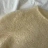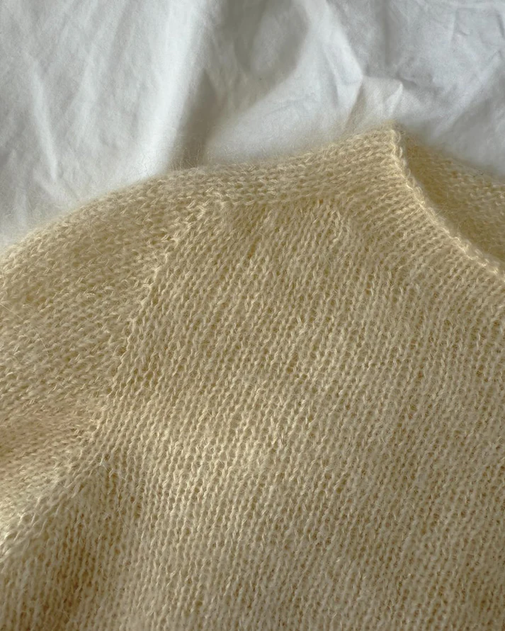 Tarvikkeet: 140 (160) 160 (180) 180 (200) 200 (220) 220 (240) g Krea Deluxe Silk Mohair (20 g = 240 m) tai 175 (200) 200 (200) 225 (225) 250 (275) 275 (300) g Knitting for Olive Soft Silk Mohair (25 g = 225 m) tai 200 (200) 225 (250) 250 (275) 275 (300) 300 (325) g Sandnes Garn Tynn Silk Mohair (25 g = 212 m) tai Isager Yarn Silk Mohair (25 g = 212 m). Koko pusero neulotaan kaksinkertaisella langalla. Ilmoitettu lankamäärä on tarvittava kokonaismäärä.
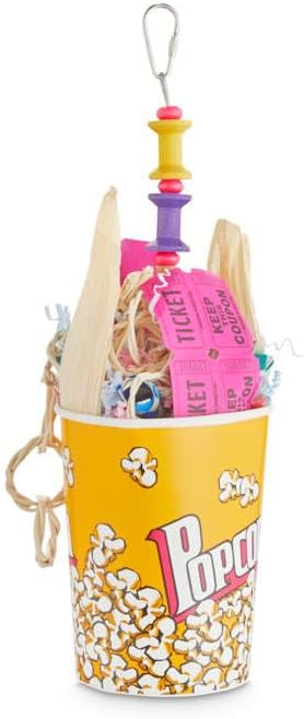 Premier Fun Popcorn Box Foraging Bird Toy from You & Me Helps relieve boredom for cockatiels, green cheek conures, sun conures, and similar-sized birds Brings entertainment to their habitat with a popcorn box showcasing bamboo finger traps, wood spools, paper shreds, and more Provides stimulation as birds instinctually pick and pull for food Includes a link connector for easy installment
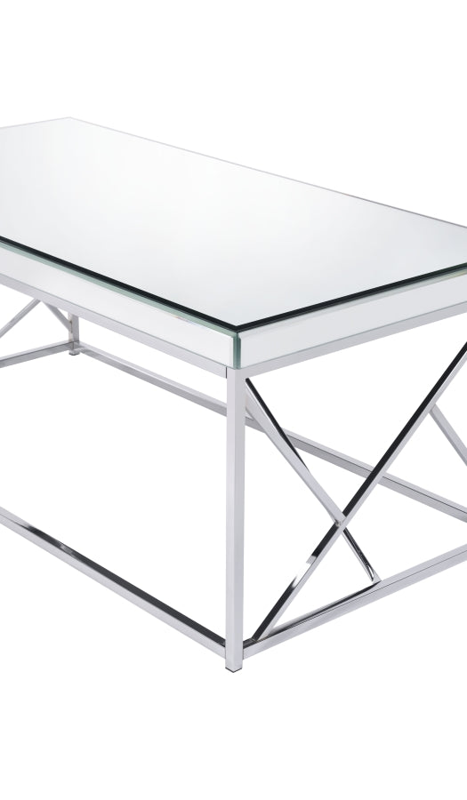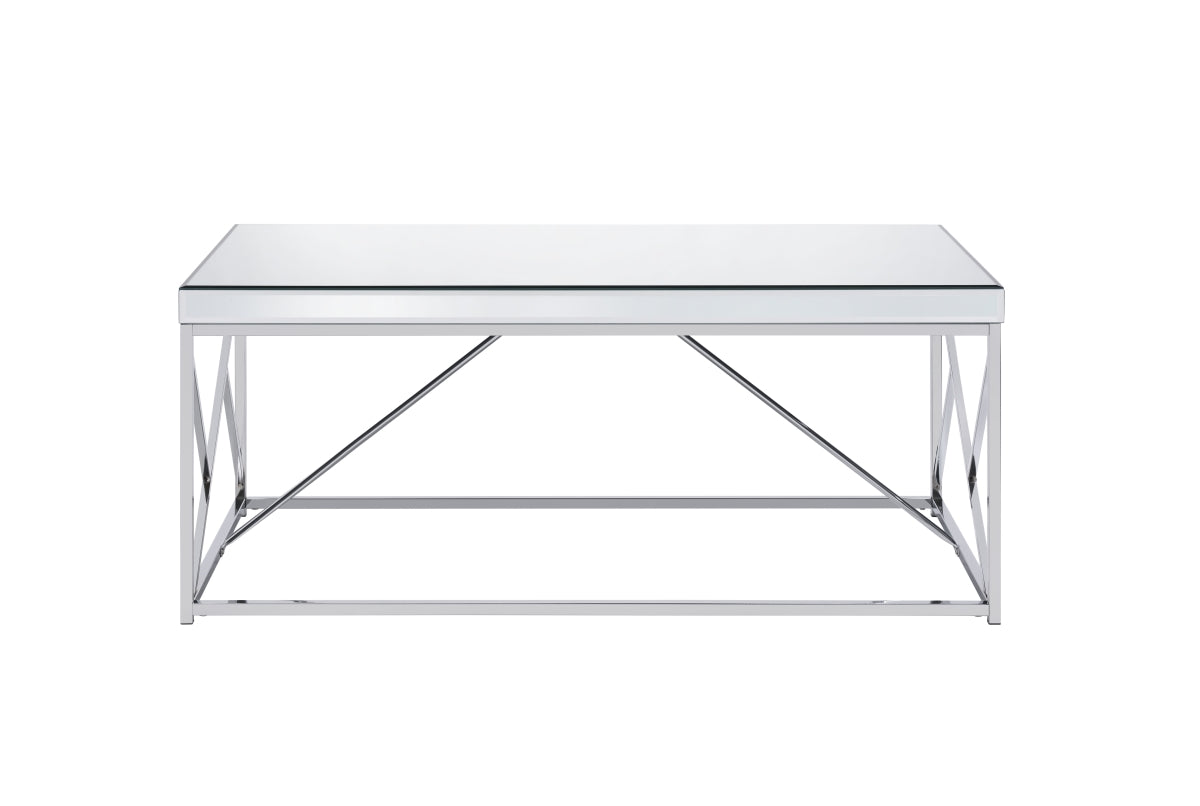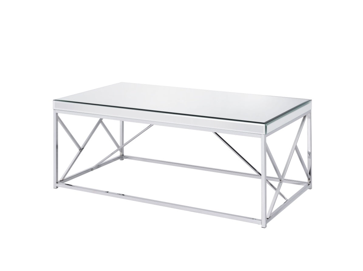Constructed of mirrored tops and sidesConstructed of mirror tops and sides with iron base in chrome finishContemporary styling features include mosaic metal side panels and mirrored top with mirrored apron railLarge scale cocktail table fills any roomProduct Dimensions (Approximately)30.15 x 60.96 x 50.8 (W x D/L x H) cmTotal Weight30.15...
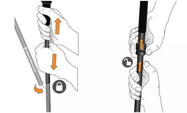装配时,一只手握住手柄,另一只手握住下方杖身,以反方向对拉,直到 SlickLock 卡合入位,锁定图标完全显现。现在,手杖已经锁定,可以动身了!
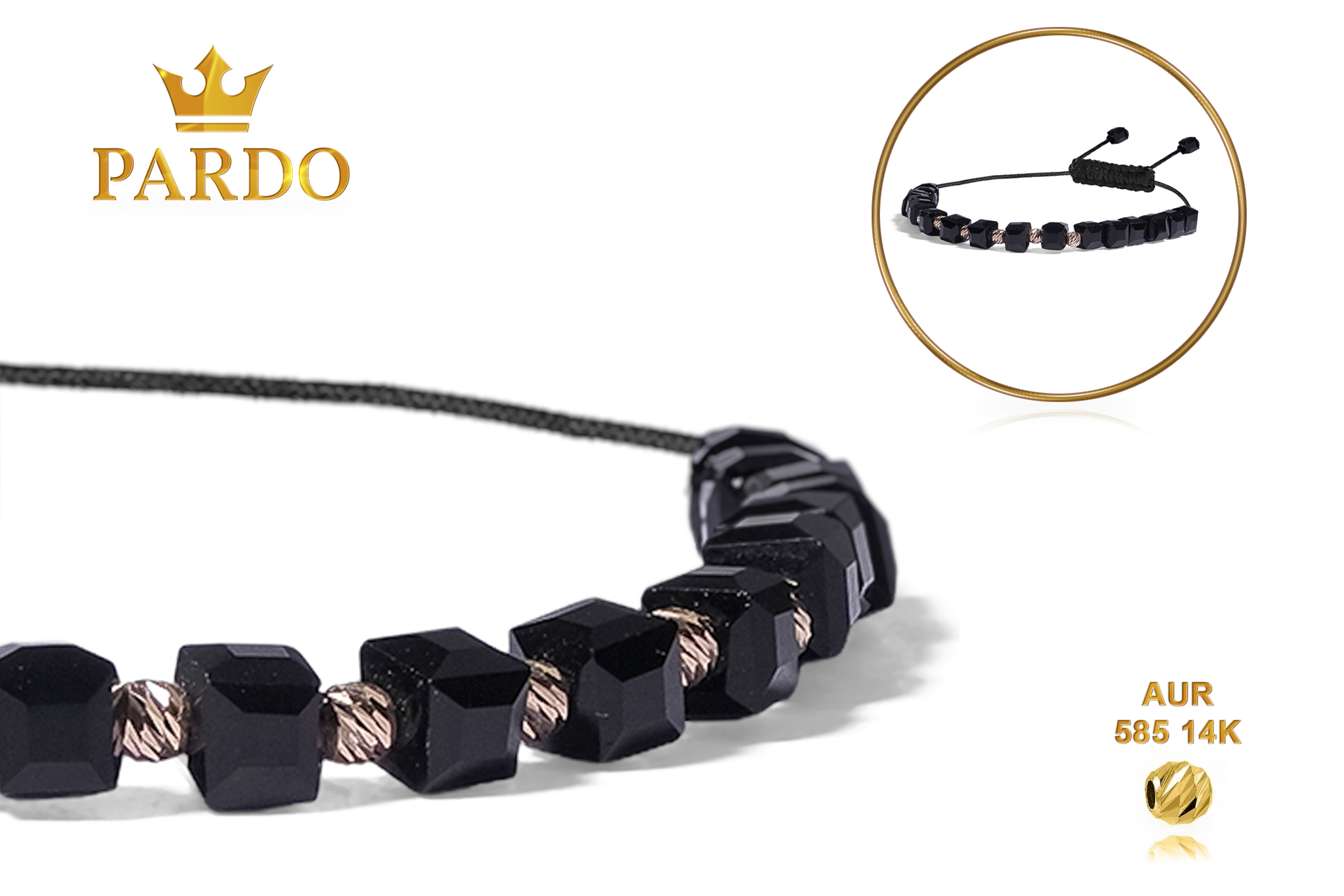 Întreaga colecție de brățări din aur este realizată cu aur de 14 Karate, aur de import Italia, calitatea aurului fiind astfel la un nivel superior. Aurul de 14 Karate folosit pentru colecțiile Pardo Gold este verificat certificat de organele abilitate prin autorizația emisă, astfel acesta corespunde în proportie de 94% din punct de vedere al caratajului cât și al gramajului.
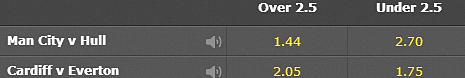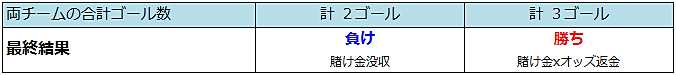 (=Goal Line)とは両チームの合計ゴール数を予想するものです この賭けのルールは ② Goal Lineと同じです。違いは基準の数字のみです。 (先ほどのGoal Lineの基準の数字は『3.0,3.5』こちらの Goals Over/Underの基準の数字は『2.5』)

---

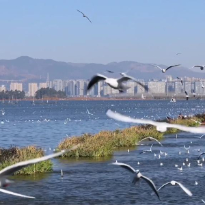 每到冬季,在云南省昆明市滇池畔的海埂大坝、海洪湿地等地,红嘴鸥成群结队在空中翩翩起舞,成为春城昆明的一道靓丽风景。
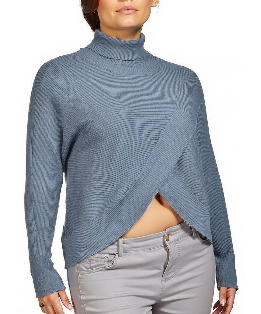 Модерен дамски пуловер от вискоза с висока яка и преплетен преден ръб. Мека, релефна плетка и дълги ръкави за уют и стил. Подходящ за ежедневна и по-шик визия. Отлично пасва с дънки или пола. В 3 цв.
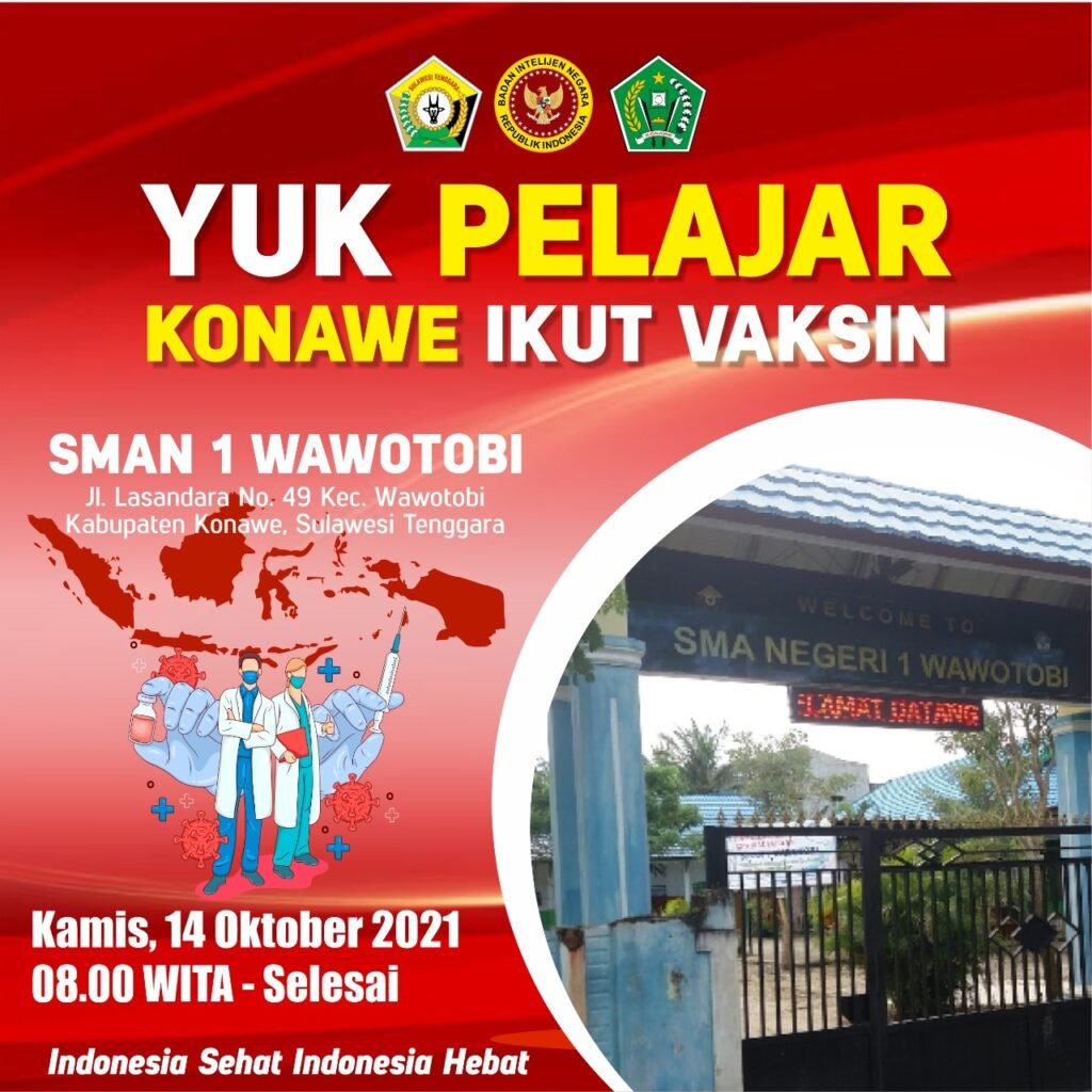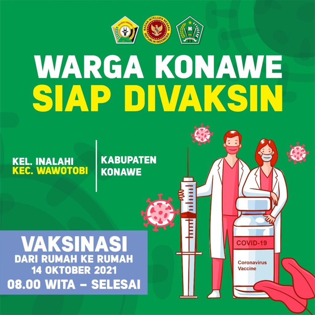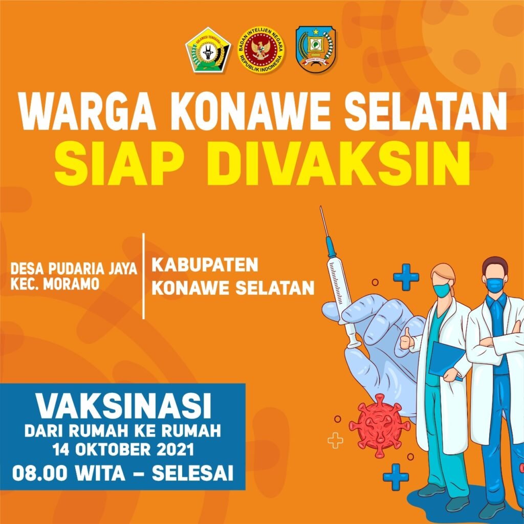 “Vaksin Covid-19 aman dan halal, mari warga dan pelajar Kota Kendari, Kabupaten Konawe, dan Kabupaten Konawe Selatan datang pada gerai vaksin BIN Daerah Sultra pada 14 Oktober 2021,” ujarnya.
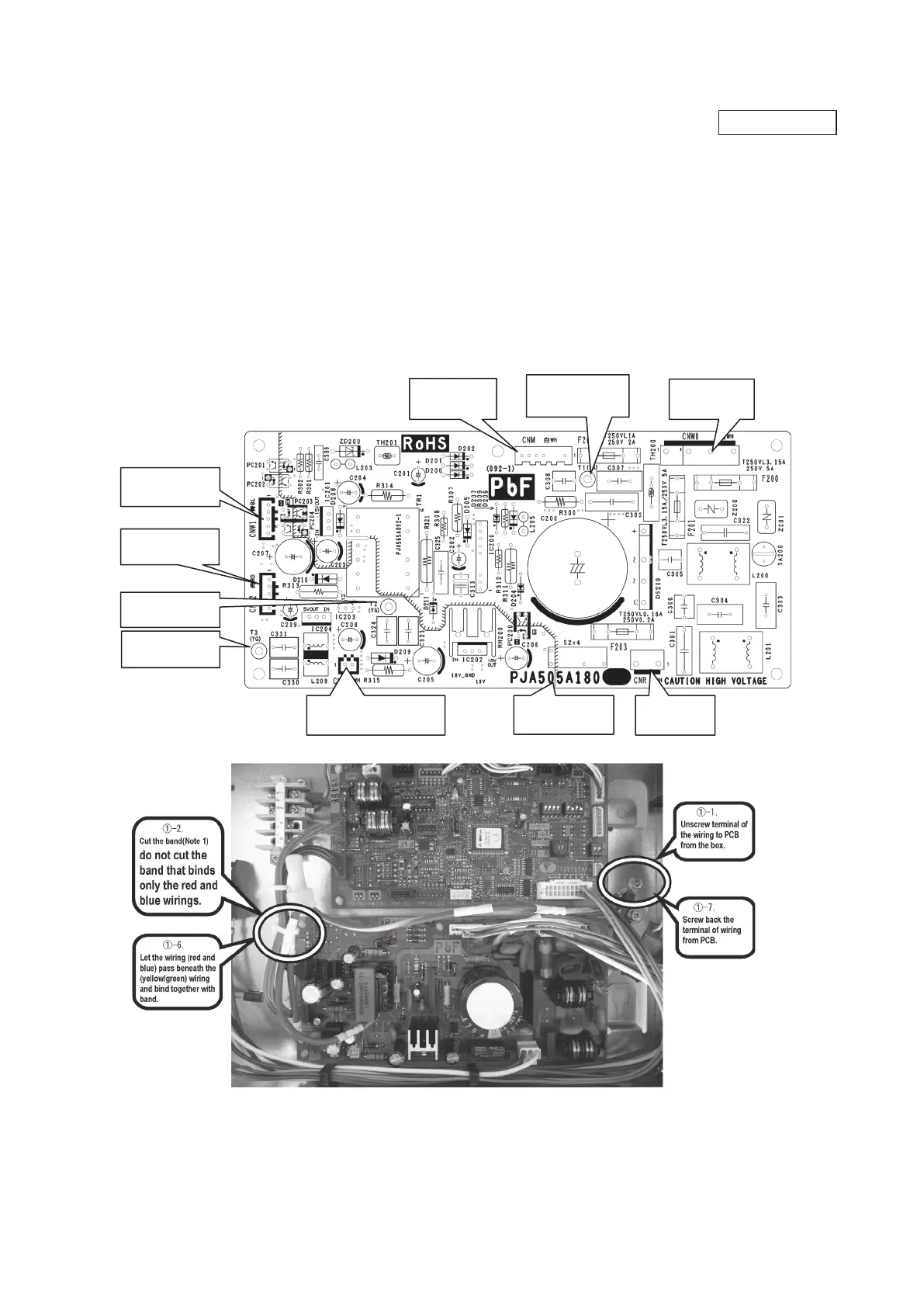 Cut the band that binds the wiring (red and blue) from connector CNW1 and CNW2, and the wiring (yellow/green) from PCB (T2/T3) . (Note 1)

__Action item__
For the data above, set down exactly the lines from the line with "Întreaga colecție de" to the line with "(=Goal Line)とは両チームの合計ゴール数を予想するものです この賭けのルールは", both included, leaving pictures out.

__Result__
 Întreaga colecție de brățări din aur este realizată cu aur de 14 Karate, aur de import Italia, calitatea aurului fiind astfel la un nivel superior. Aurul de 14 Karate folosit pentru colecțiile Pardo Gold este verificat certificat de organele abilitate prin autorizația emisă, astfel acesta corespunde în proportie de 94% din punct de vedere al caratajului cât și al gramajului.
 (=Goal Line)とは両チームの合計ゴール数を予想するものです この賭けのルールは ② Goal Lineと同じです。違いは基準の数字のみです。 (先ほどのGoal Lineの基準の数字は『3.0,3.5』こちらの Goals Over/Underの基準の数字は『2.5』)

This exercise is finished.